EU’s Iran payments vehicle ready – but stuck

German Foreign Minister Heiko Maas and French Foreign Minister Jean-Yves Le Drian (R) during a Foreign Affairs Council (FAC) in Brussels, Belgium, 21 January 2019. [Olivier Hoslet/EPA/EFE]

A payment mechanism the EU hopes will save the Iran nuclear deal by bypassing US sanctions is ready, diplomats said Monday (28 January), but is held up by disagreements among European countries.

The “Special Purpose Vehicle” is being put together by Germany, France and Britain, the European signatories to the 2015 accord that curbed Tehran’s nuclear ambitions in return for sanctions relief.

The entity, to be based in France with German governance and finance from all three countries, will allow Iran to receive payments despite Washington reimposing sanctions after ditching the deal.
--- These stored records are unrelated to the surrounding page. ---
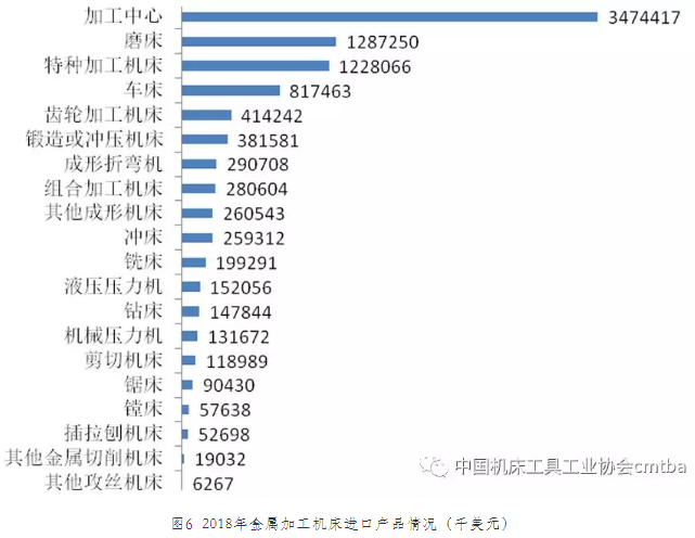 由图6可见,按金额计算,排在前5位的进口产品是加工中心、磨床、特种加工机床、车床、齿轮加工机床。
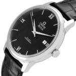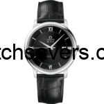The DeVille Prestige Co-Axial reference 424.13.40.20.01.001 has a stainless steel case of 39.5mm and a black dial. It is powered by the self-winding caliber 2500.
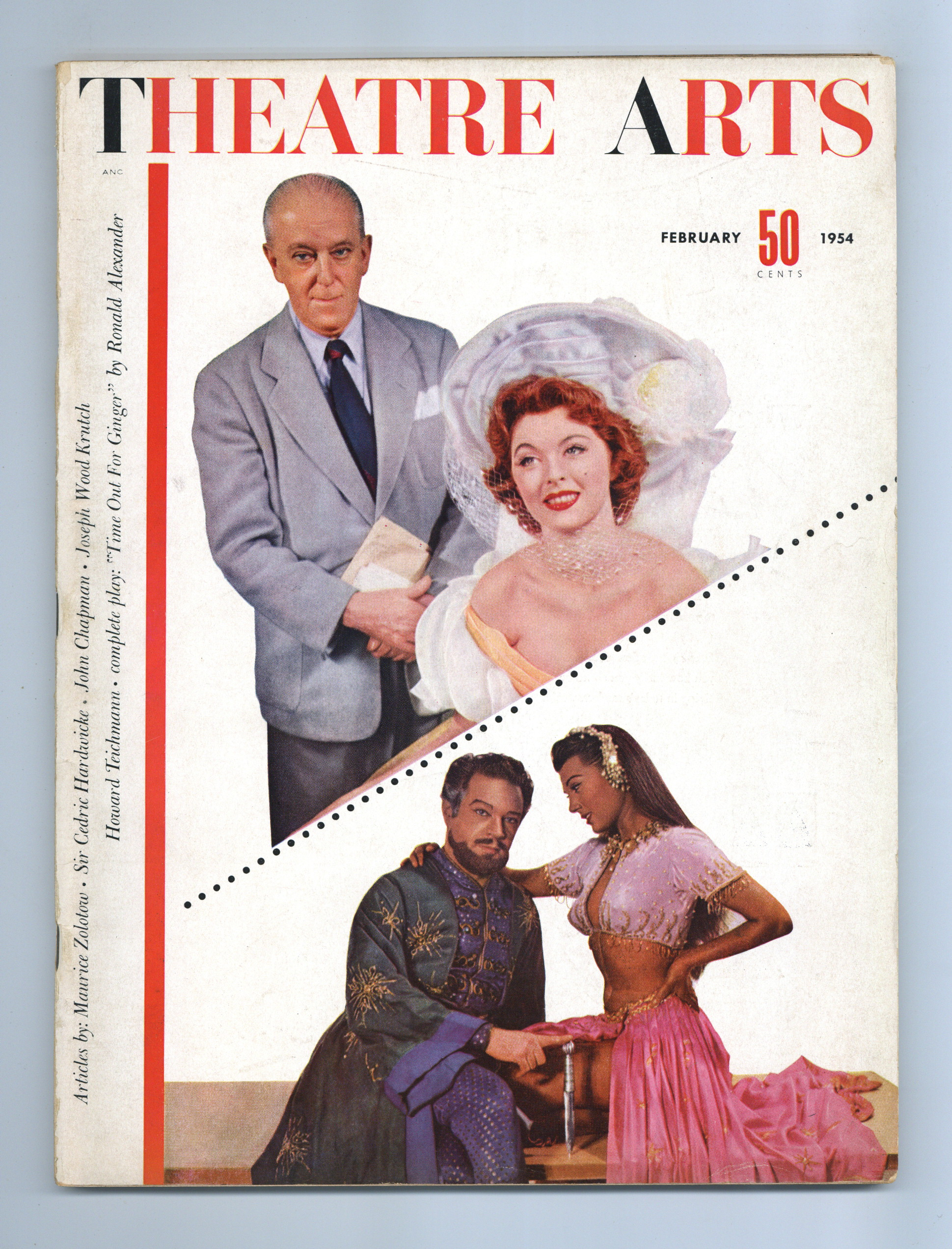 Published Feb 1954 by Theatre Arts, Inc..$2.50Volume 38, Issue 2 - February, 1954. Brooks Atkinson, Tina Louise, Doretta Morrow and Alfred Drake photo cover. Theatre Arts Monthly is legendary for its thorough and insightful coverage of the stage, both in American and England. Less well-known is the fact that TAM also provided some outstanding coverage of motion pictures, Broadway and Hollywood. This issue includes a complete version of "Time Out for Ginger" by Ronald Alexander, as well as articles by Maurice Zolotow, Sir Cedric Hardwicke, John Chapman, Joseph Wood Drutch, Howard Teichmann, more. 8.5" x 11", 96 pages, B&W. Cover price $0.50.
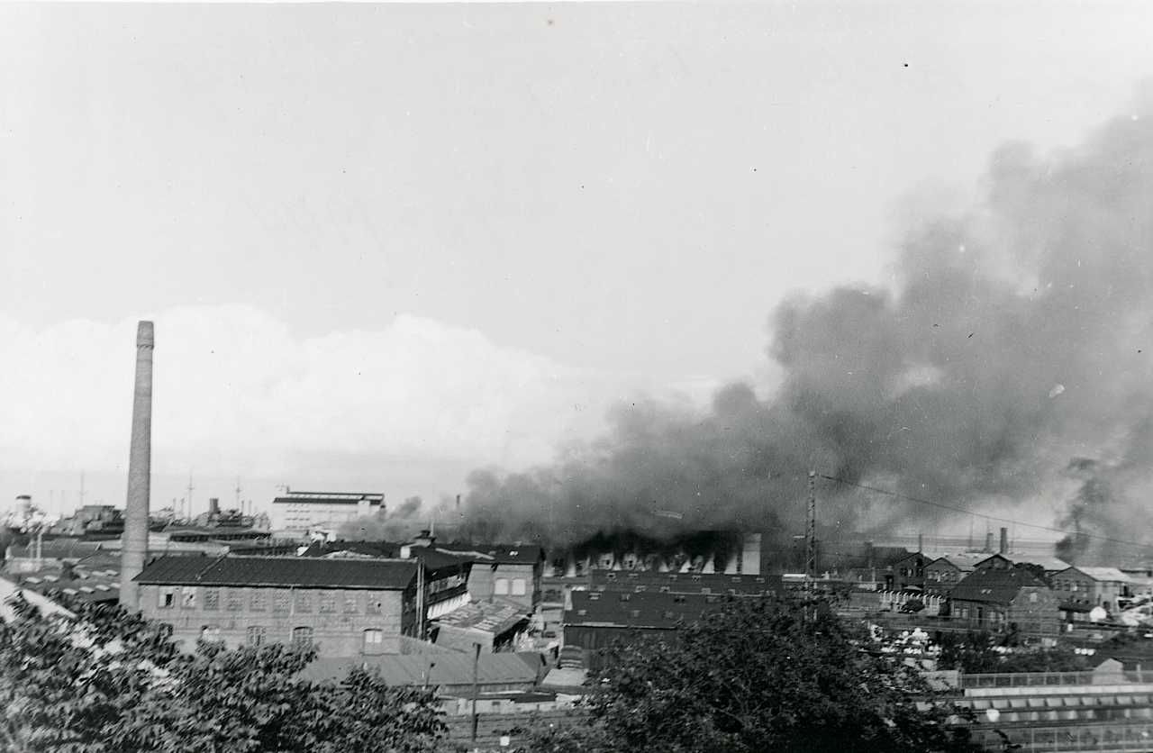 Dansk Industri Syndikat i København i brand efter sabotagen d. 22. juni 1944
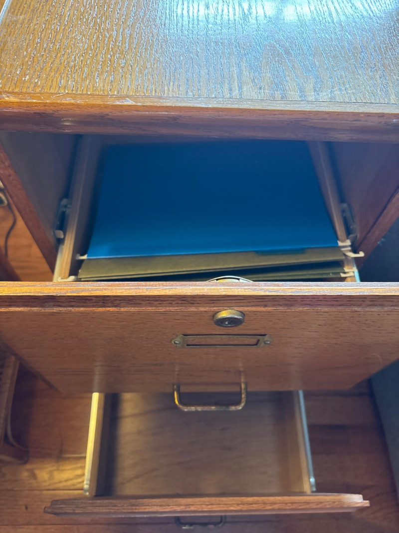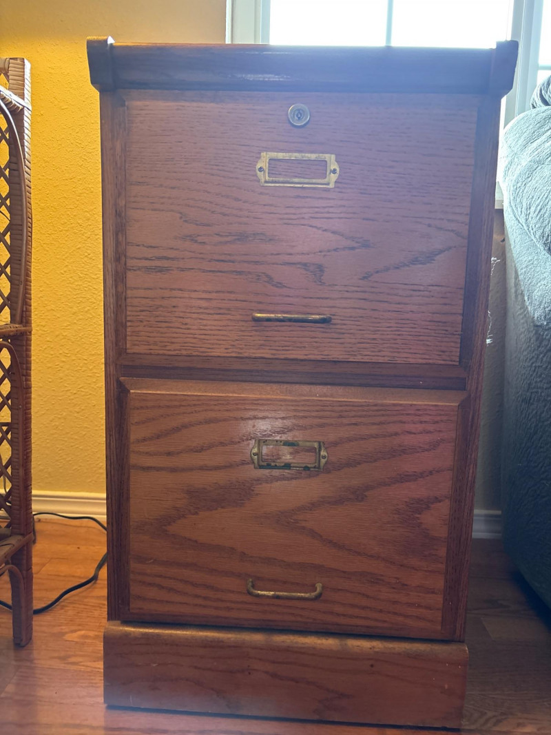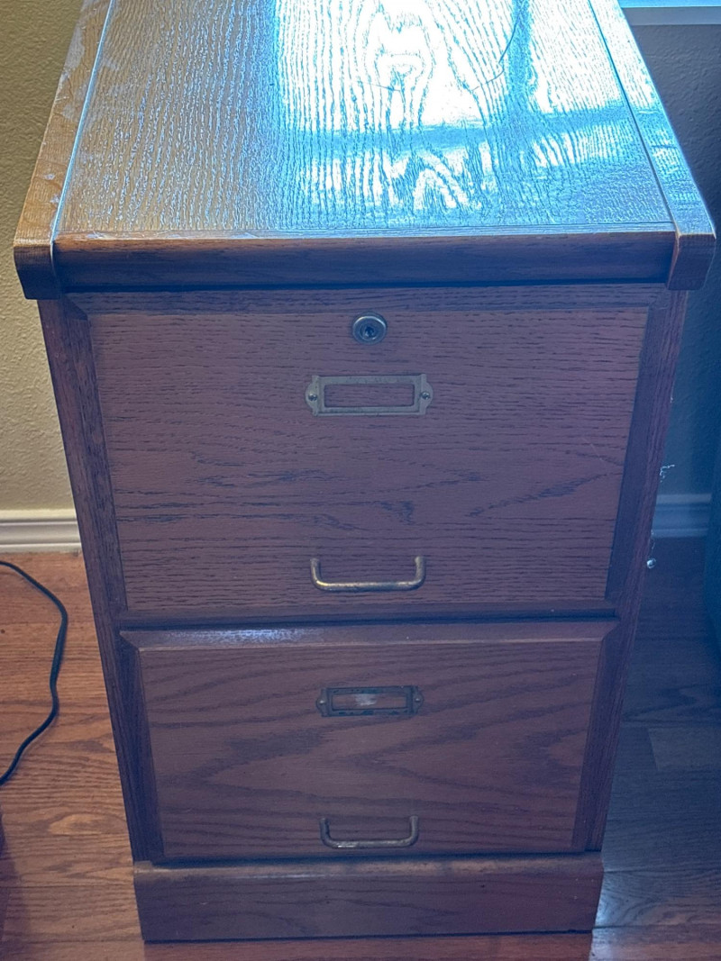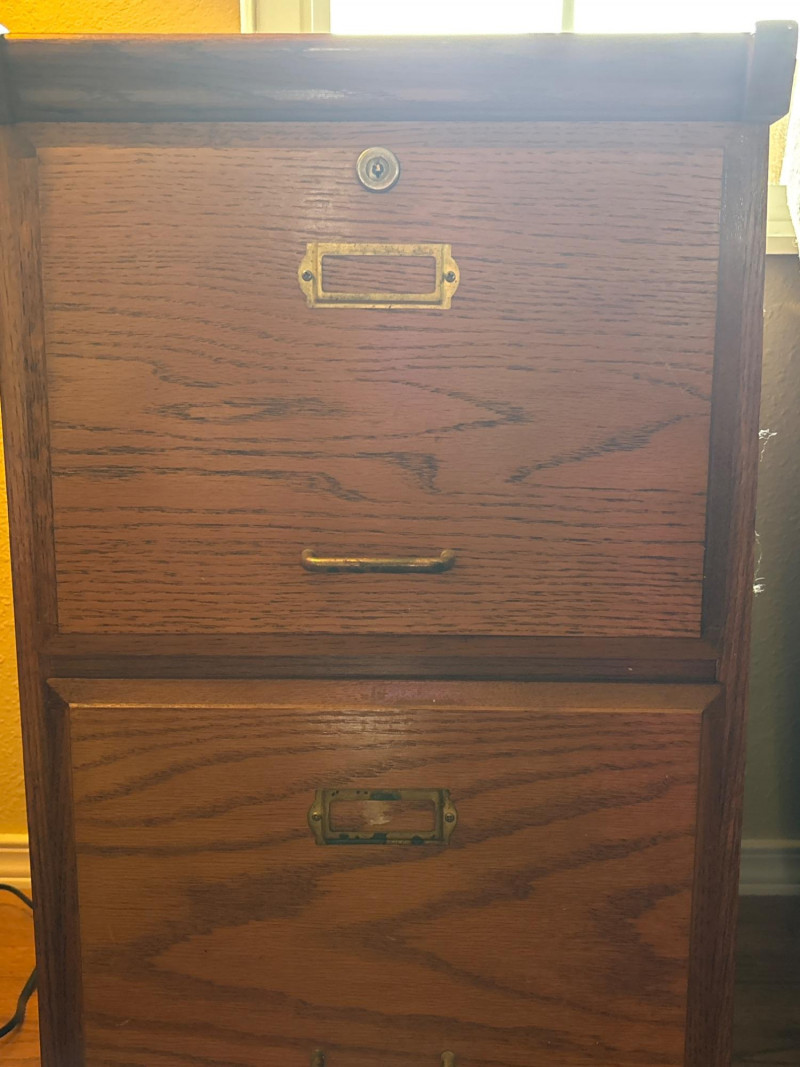 Solid and functional vintage oak 2-drawer file cabinet featuring classic industrial styling with warm wood grain and brass hardware. A great blend of durability and character, perfect for home office, workshop, or vintage-inspired spaces. Each drawer includes a label holder and sturdy pull handle, giving it that timeless office look while still being highly practical for everyday storage. Features: Dimensions: Condition Please review photos carefully—they are part of the description. Shipping
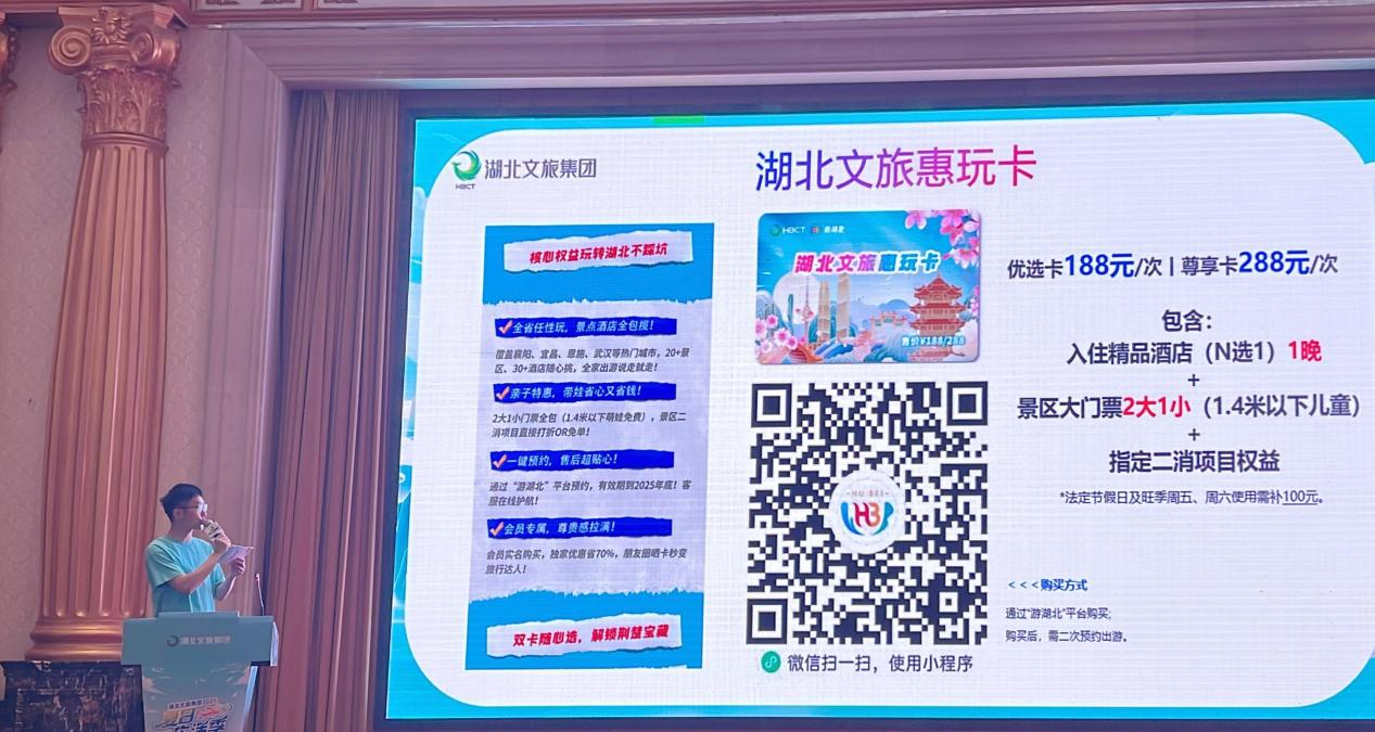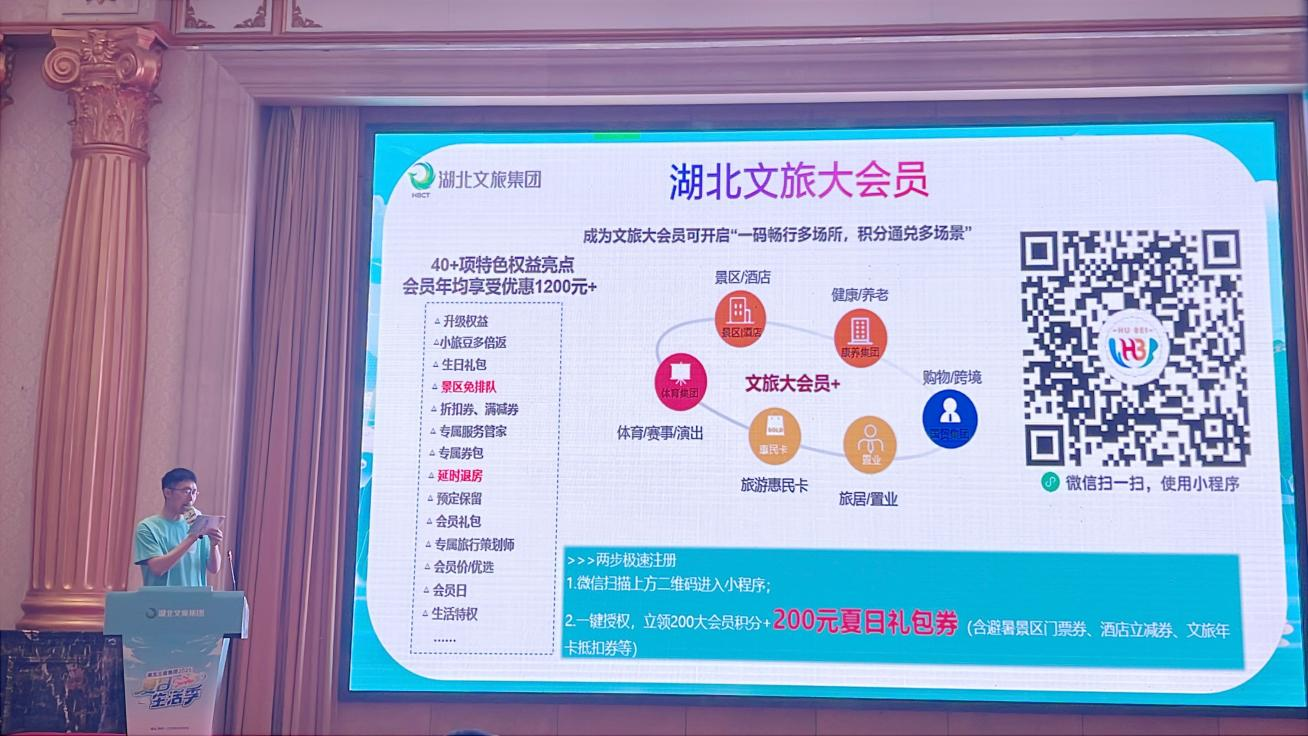啟動(dòng)儀式上,湖北文旅惠玩卡及“湖北文旅大會(huì)員”夏日優(yōu)惠政策成為全場(chǎng)焦點(diǎn)。湖北文旅惠玩卡整合了湖北省內(nèi)豐富的文旅資源,僅需188元/次,即可享受熱門(mén)景區(qū)大門(mén)票(2大1小,兒童限1.4米以下)、所在景區(qū)精品酒店入住一晚,以及指定二次消費(fèi)項(xiàng)目等多重權(quán)益,為游客提供超值的出游選擇。注冊(cè)成為“湖北文旅大會(huì)員”,年均可享價(jià)值1200元以上的優(yōu)惠權(quán)益及景區(qū)免排隊(duì)、延遲退房等40多項(xiàng)專屬權(quán)益?;顒?dòng)現(xiàn)場(chǎng)推出“注冊(cè)立領(lǐng)200積分+200元夏日禮包券”限時(shí)福利,引發(fā)觀眾掃碼注冊(cè)熱潮。
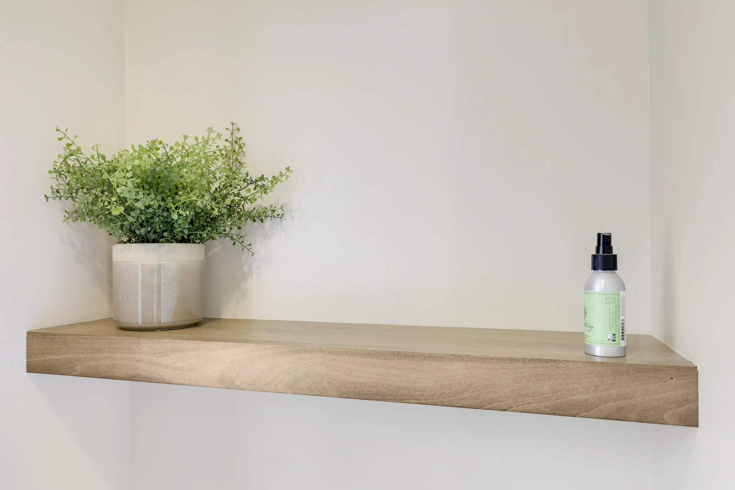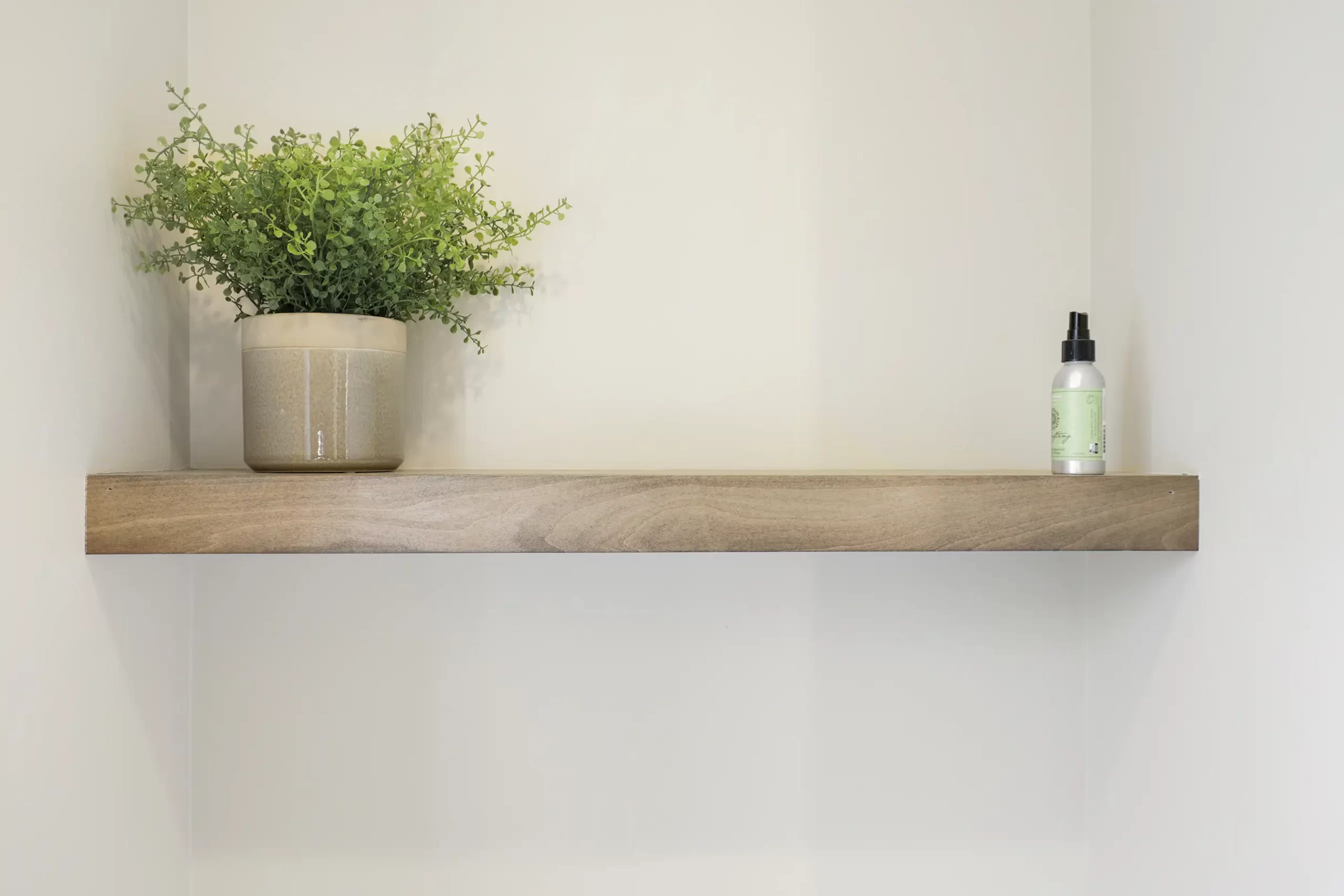 In the bedroom, the outdated purple hues and worn carpet were replaced with elegant LVT flooring in the Arrado style. The fine grain detail of this mid to dark brown timber flooring, accented with hints of blonde, adds warmth and richness to the room, creating a cozy yet modern feel. The new flooring ties seamlessly into the seating area, offering a perfect spot to relax and enjoy the serene river views.
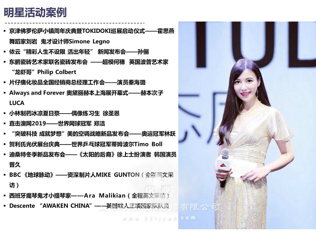 主持風(fēng)格Style 大氣成熟 應(yīng)變能力強(qiáng) 適應(yīng)各類(lèi)型中英雙語(yǔ)主持

US belittles EU's ‘special purpose vehicle’ as companies flee Iran

The United States is not too concerned by Europe’s idea for a special purpose vehicle (SPV) to get around US sanctions with Iran as companies are already withdrawing from the country in droves, the senior official for financial intelligence said.

“It will be registered, it is not yet registered. I would say that we are immediately before the point of the implementation of our plan,” German Foreign Minister Heiko Maas said at a meeting in Brussels organised by the Belgian government.

While the vehicle is the work of the three governments involved, the EU wants to launch it along with a formal statement on Iran endorsed by all 28 member states and addressing the whole spectrum of European concerns about the Islamic republic.

The EU has commended Iran for sticking to its commitments under the nuclear deal, but has growing concerns about Tehran’s ballistic missile programme, as well as its human rights record, its interference in Middle East conflicts and recent attempted attacks against opposition groups in Europe.

Diplomatic sources said that Italy and Spain have so far blocked the adoption of the statement, meaning it may have to wait until the next formal meeting of EU ministers on 12 February.

It is not clear whether Germany, France and Britain will wait for consensus on the statement or go ahead and launch the vehicle without it.